(Listed entries Opens)

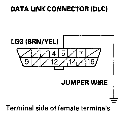 6. Connect the DLC terminal No.5 to body ground with a jumper wire.
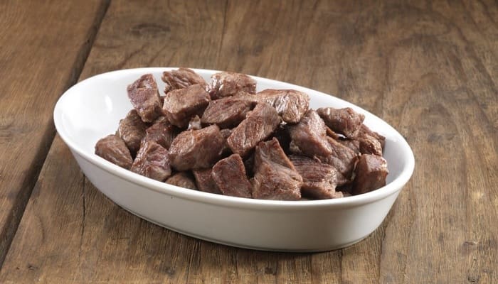 - Potong daging menjadi kubus kecil
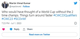 ایک مداح نے لکھا، ’’دو بار کی عالمی چیمپئن ویسٹ انڈیز اس سال ورلڈ کپ سے باہر ہوگئی ہے۔ ویسٹ انڈیز کے بغیر ورلڈ کپ، یہ واقعی عجیب ہے۔
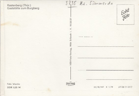 Rastenberg in Thüringen Gaststätte zum Burgberg 1978
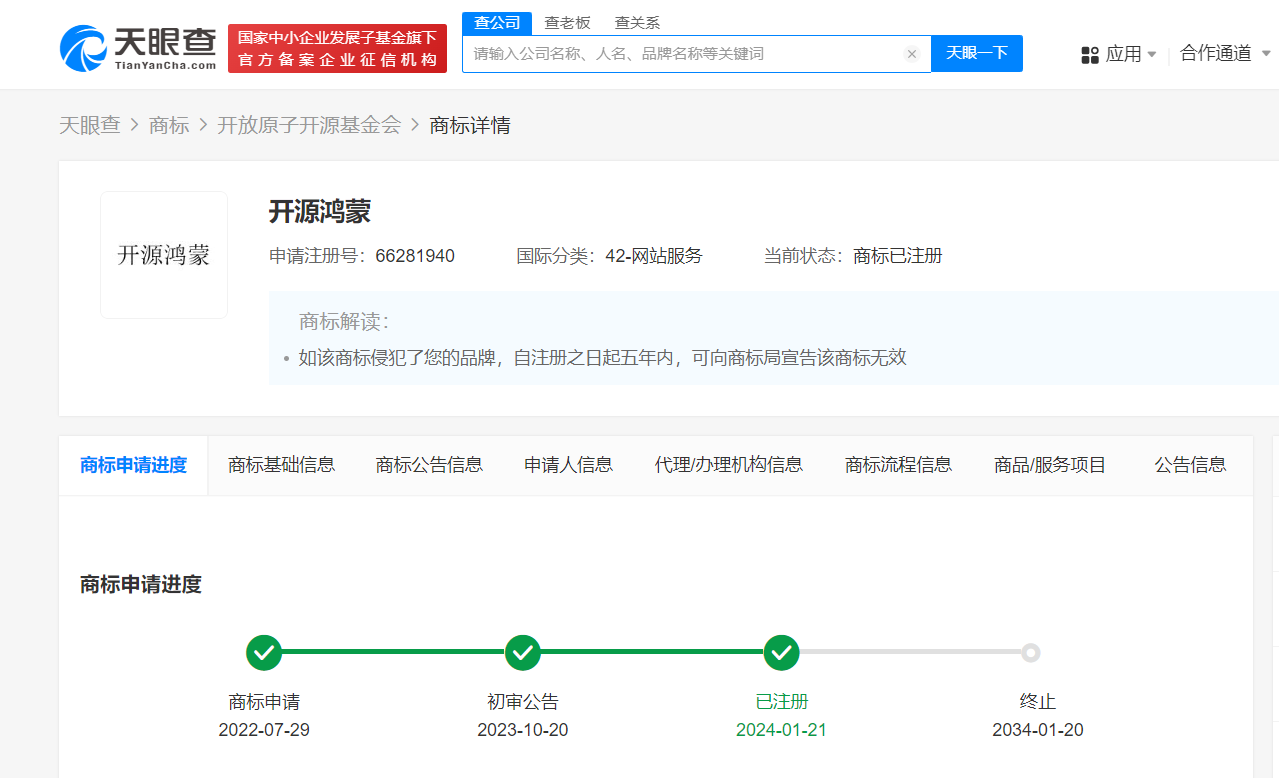 天眼查知识产权信息显示,近日,华为技术有限公司将其持有的两枚“开源鸿蒙”商标转让至开放原子开源基金会,国际分类为网站服务,上述商标分别申请于2022年7月、2022年10月。
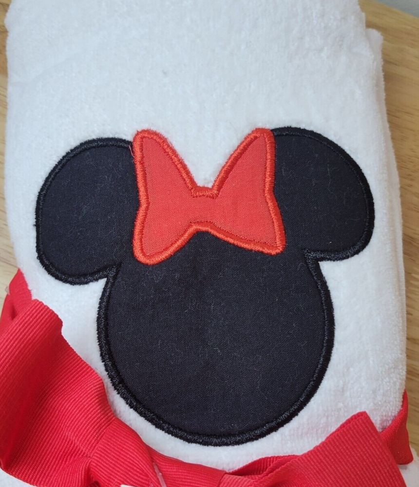 Disney Minnie Mouse Head Hand Towels 2 Pack White with Red Trim
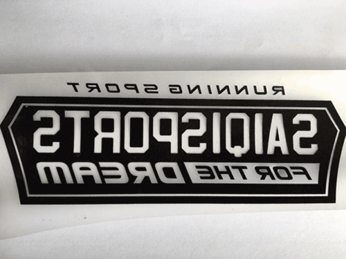 1. 繪製(zhì)“SAIQISPORTS”品牌標誌燙畫激光雕刻圖 2. 選(xuǎn)用CO2激光雕刻機定位並調試,設(shè)定(dìng)好(hǎo)打標參數。
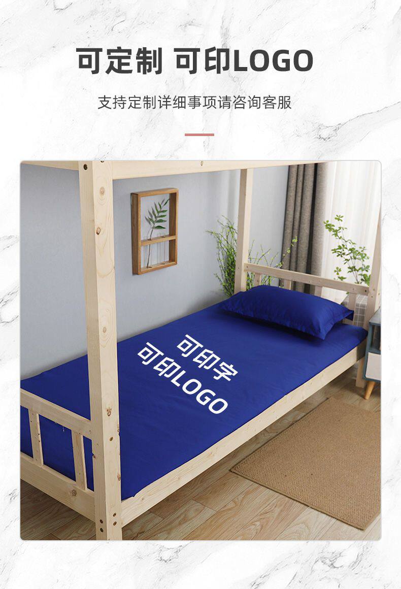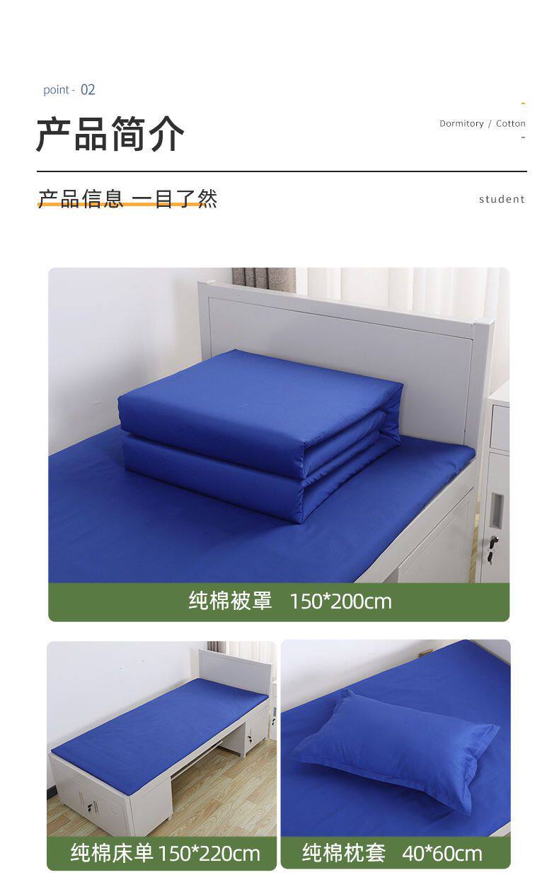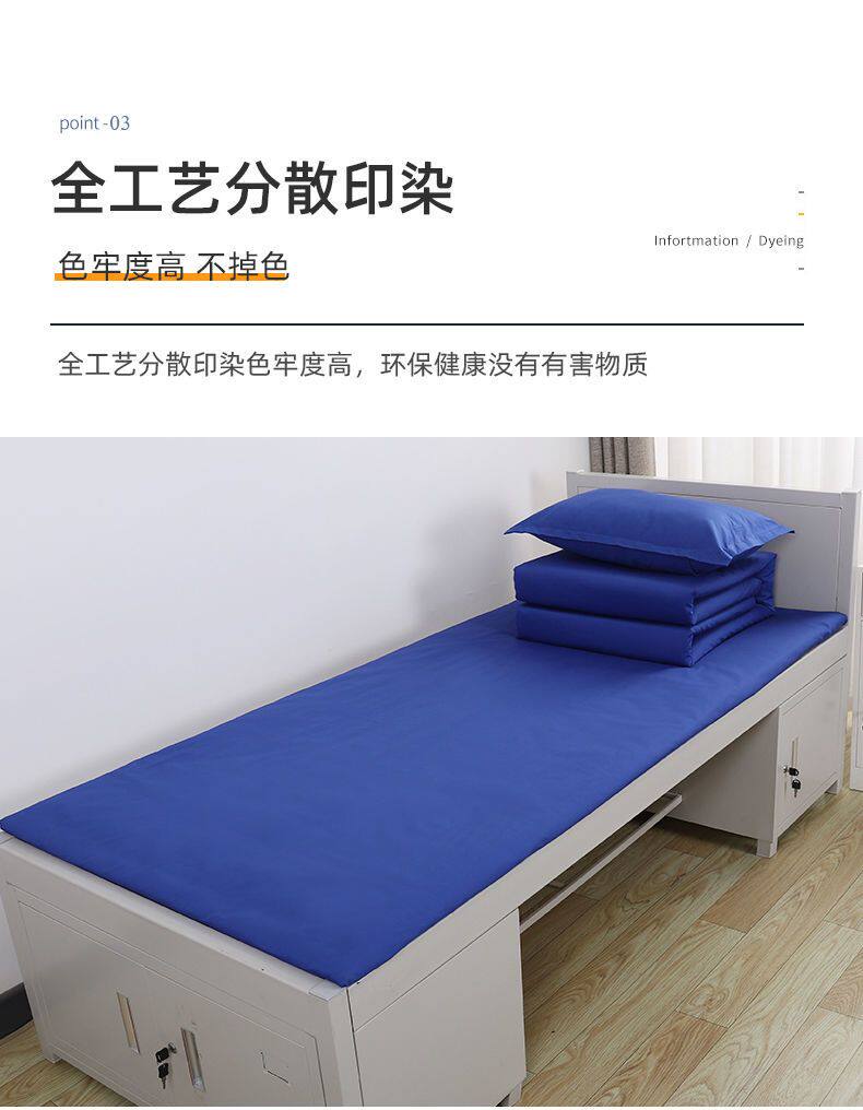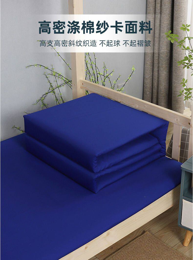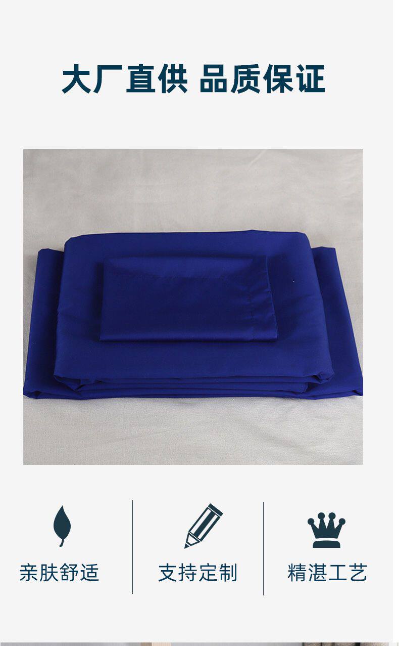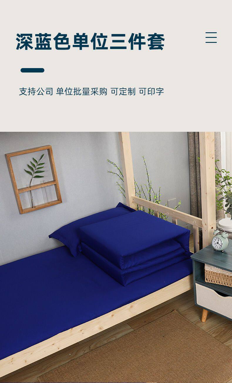 高級純棉深藍色床單三件套純色火焰藍湖藍色床單單位宿捨床上用品
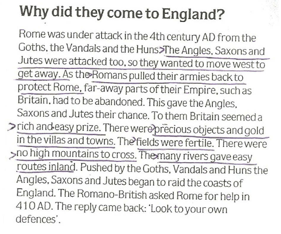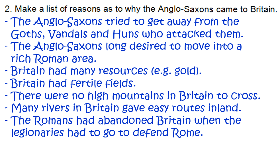 Read the paragraph on p.39 of your Workbook again. This time, underline the reasons as to why the Anglo-Saxons went to Britain.
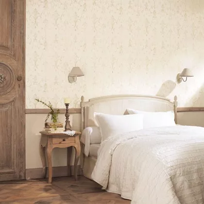 טפטים לחדר שינה, טפט לקיר טפט צורות מדליונים גוון קרם
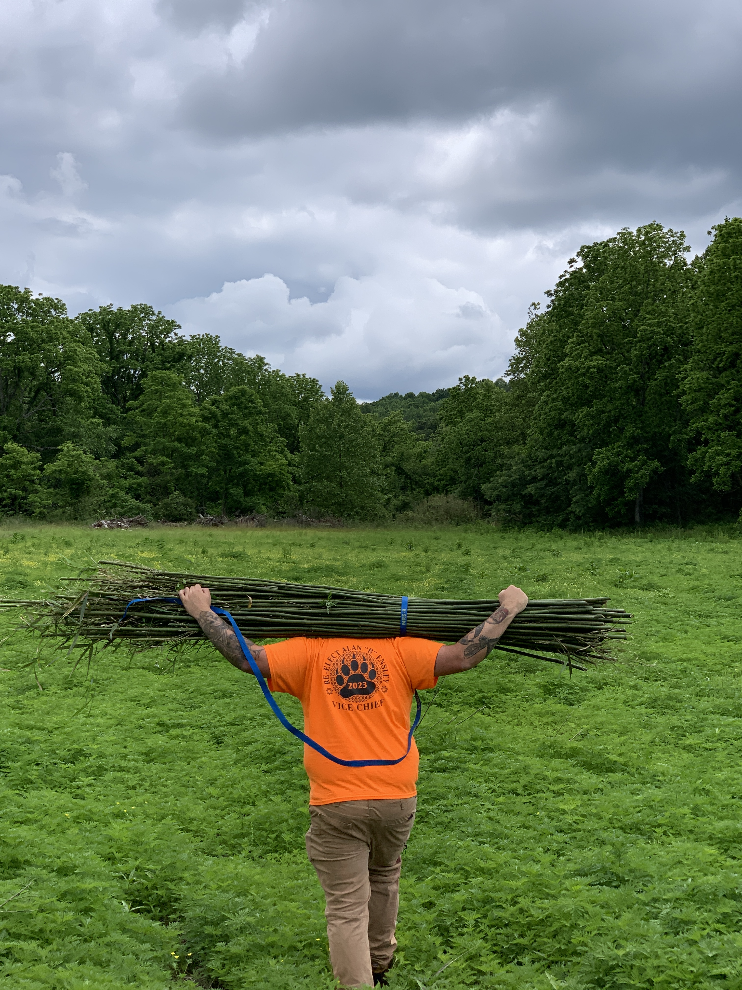 A Tribal artisan carries a bundle of river cane during a harvest trip
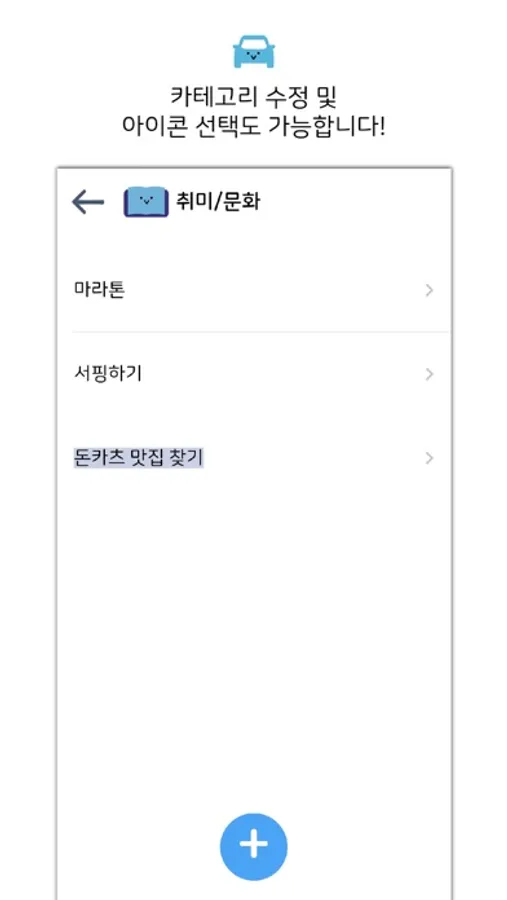 카테고리 이름 및 아이콘은 해당 카테고리 안에서 터치 시, 수정 가능합니다.
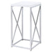 This the modern accent table oozes luxury and offers a sophisticated update to a simple silhouette. Decorated with X-shape details, the base is constructed of sleek lines in a bright, metallic finish. Dress up any living or sitting area with the crisp and glossy white finish of the square top. Create an open feel with the airy legs and shiny hues, perfect for adding depth. Display your favorite vase in style over cross hatched details.
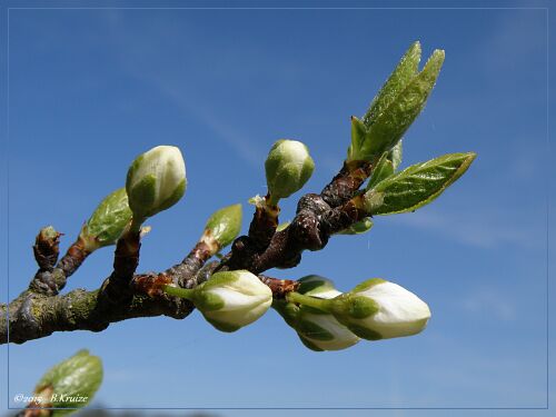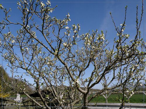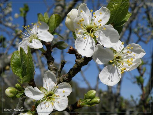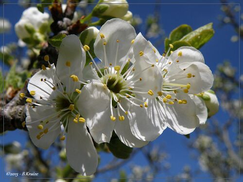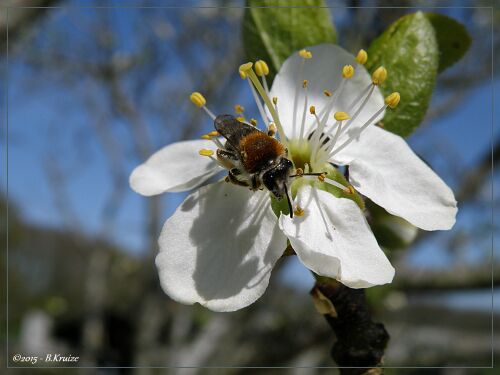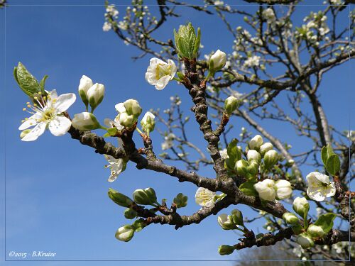 De pruimenboom staat dit jaar, in volle bloei. Maar zoals wel vaker, veel bloei, weinig vrucht. Dit werd veroorzaakt door late nachtvorst of hevige regenbuien met windstoten, die de bloesems beschadigden. Anders kan, het dit jaar, een goed pruimen jaar worden. Hieronder enkele opnames van de bloei en één met een bij, voor de bestuiving.
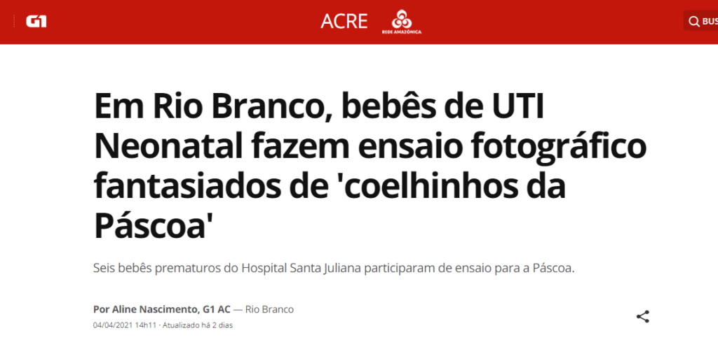 G1 Acre – Bebês de UTI Neonatal fazem ensaio fotográfico fantasiados de ‘Coelhinhos da Páscoa’ no Hospital Santa Juliana

(Listed entries Closes)

## Required work
The expected output is an exact retyping of the lines from the line with "This the modern" through the last line of the data, with both ends kept and the pictures dropped.

## Written response
 This the modern accent table oozes luxury and offers a sophisticated update to a simple silhouette. Decorated with X-shape details, the base is constructed of sleek lines in a bright, metallic finish. Dress up any living or sitting area with the crisp and glossy white finish of the square top. Create an open feel with the airy legs and shiny hues, perfect for adding depth. Display your favorite vase in style over cross hatched details.
 De pruimenboom staat dit jaar, in volle bloei. Maar zoals wel vaker, veel bloei, weinig vrucht. Dit werd veroorzaakt door late nachtvorst of hevige regenbuien met windstoten, die de bloesems beschadigden. Anders kan, het dit jaar, een goed pruimen jaar worden. Hieronder enkele opnames van de bloei en één met een bij, voor de bestuiving.
 G1 Acre – Bebês de UTI Neonatal fazem ensaio fotográfico fantasiados de ‘Coelhinhos da Páscoa’ no Hospital Santa Juliana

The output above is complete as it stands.